В лаборатории быстро смекнули, какие перспективы формирования полноценных арийцев открывает «эффект Пигмалиона». Тему глубоко засекретили, автора упрятали в психушку, документы экспериментов, по-видимому, уничтожили. Но это уже мои личные домыслы на основании обрывков дневниковых записей Майера. Как уж он выжил и сумел заполучить свои тетрадки — не знаю. Тебе он, видимо, рассказывал больше.

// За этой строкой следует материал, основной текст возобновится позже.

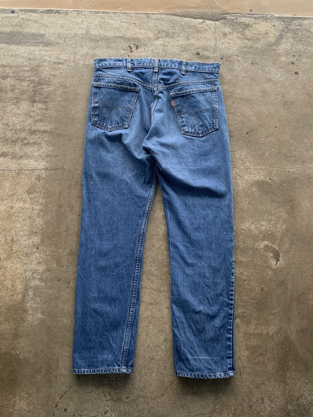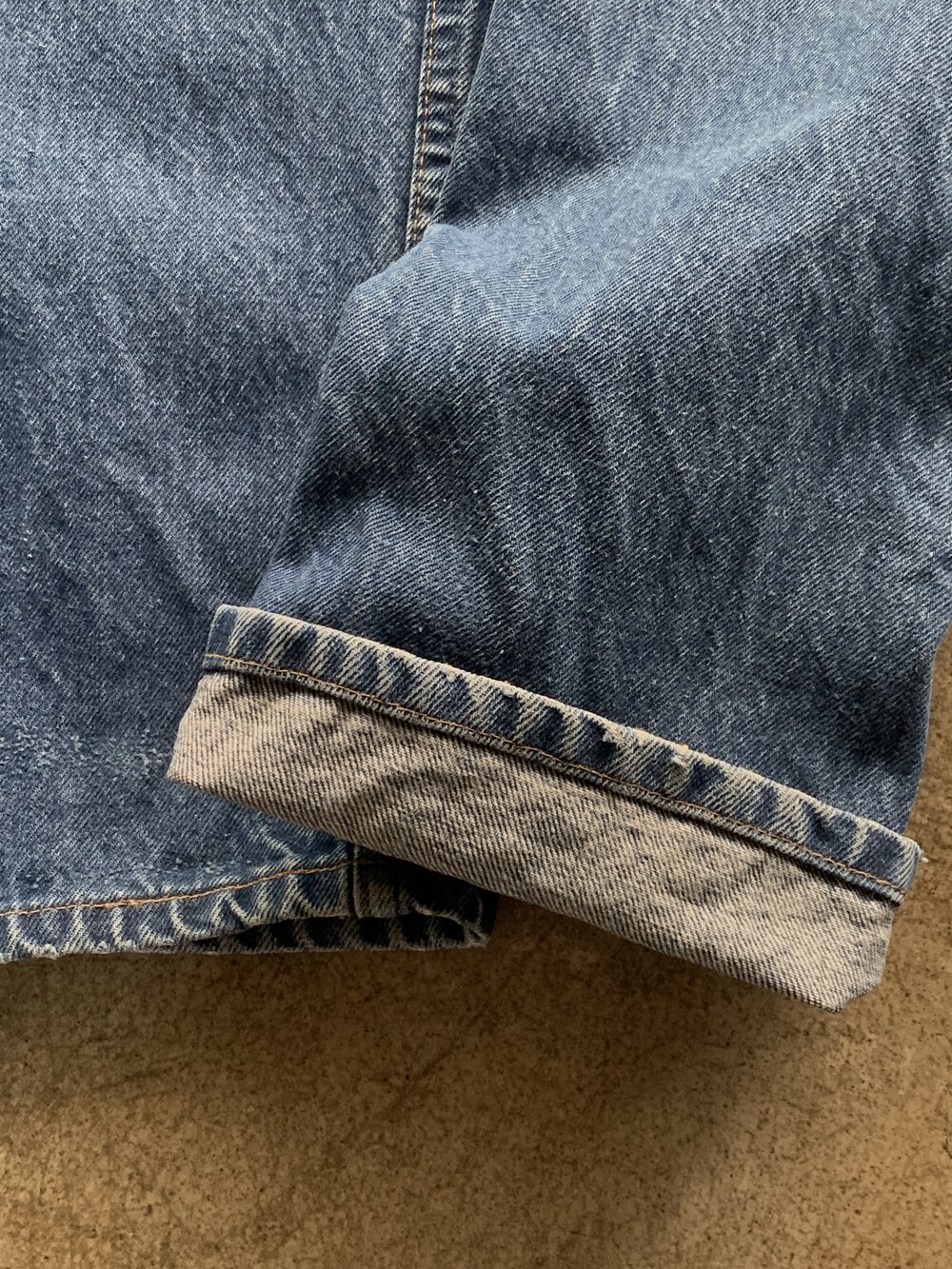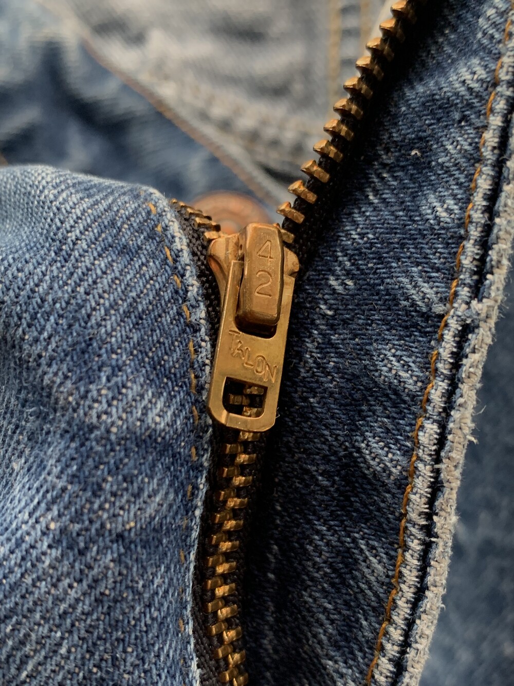전면 42탈론 지퍼가 적용된 1980년대 초반 생산 리바이스 505 데님팬츠입니다. 레드탭 505에 비해 밑단이 갈수록 좁아지는 테이퍼드 경향이 보다 짙은 제품으로, 캐주얼한 스니커즈보다는 보다 포멀한 구두나 부츠에 매치하기 좋을만한 제품입니다.

— К несчастью, в приюте для престарелых, обхаживая этого старика, я пропускал мимо ушей его бредни. Можно лишь предположить, что эти тетрадки черновики поэмы, оставленные среди школьных бумаг его ученика — сына домохозяйки, которого Майер натаскивал по химии. Видишь — здесь и конспекты ученика из заданий по школьной программе. Кто же из секретных служб мог предположить, что этот выдающийся ученый считал себя великим поэтом и кропал по ночам пространные опусы, да еще с легкомыслием гения, вписывал в поэтические строфы химические формулы, явно наслаждаясь затеей «зашифровки»…А потом, полагаю, Майера так активно «лечили», что он действительно свихнулся, стал считать себя другим человеком и исчез из поля зрения Служб. У него часто «путешествовала голова» — то есть он воображал себя совсем в другой жизни и нес невозможный бред. Я не вслушивался в бормотания умирающего. Хотя, нет — припоминаю забавный рассказик про Бони и Клайда — собак переделанных в обезьян! Я-то думал, что это очередная фантазия старика…

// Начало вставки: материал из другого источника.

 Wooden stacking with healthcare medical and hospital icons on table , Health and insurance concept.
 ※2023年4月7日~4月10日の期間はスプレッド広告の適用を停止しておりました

— Собаки, действительно, были! — подтвердила Ванда. — Он упоминает, что взял двух щенков добермана… Ты думаешь, Готл, это все действительно так? Что-то мнесейчас кажется… Понимаешь, пока я копалась в документах, выискивая по капельке какой-то смысл, решала шараду — у меня был энтузиазм искателя клада из детской книжки или домохозяйки, рассматривающей картинку в журнале под рубрикой «Найдите, где же прячется убийца?» А сейчас…

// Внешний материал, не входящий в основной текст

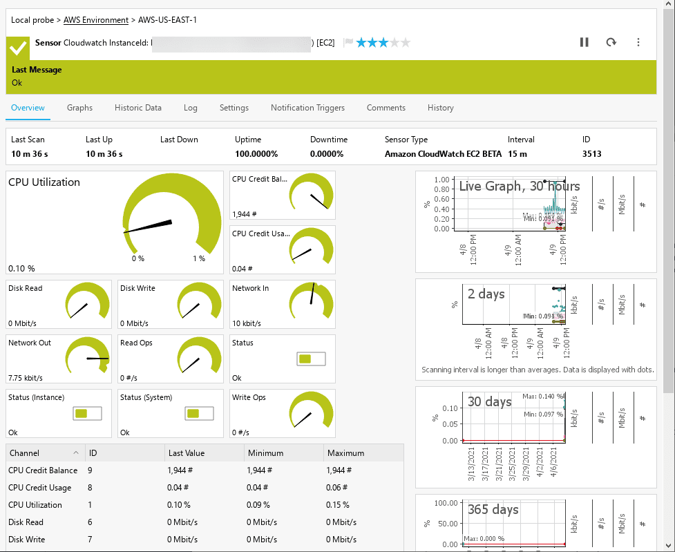 Once you have added the CloudWatch EC2 sensor as I have done here, you will see detailed statistics, including the CPU utilization, credit balance, network in, network out, disk read, disk write, and other helpful metrics.

— Не трусь, коллега Леденц! У нас с тобой главное в руках. Надо только работать и работать. Что скажешь об препаратах МЛ и М2? В какой области искать аналоги? — подбодрил жену Динстлер.

— Я покопалась в новой научной литературе и кое-что выудила, — Ванда развернула журналы. — Наш Майер опередил науку на полстолетия. С первого взгляда, в его формулах все как будто просто. Что-то вроде молекул ДНК, которые невозможно синтезировать, пока, во всяком случае, но можно выделять из живых организмов. Однако сама методика получения совершенно не отработана… В нашей лаборатории был один человек, полуиндеец по происхождению, который считался асом в этой проблеме. За него там держались обеими руками…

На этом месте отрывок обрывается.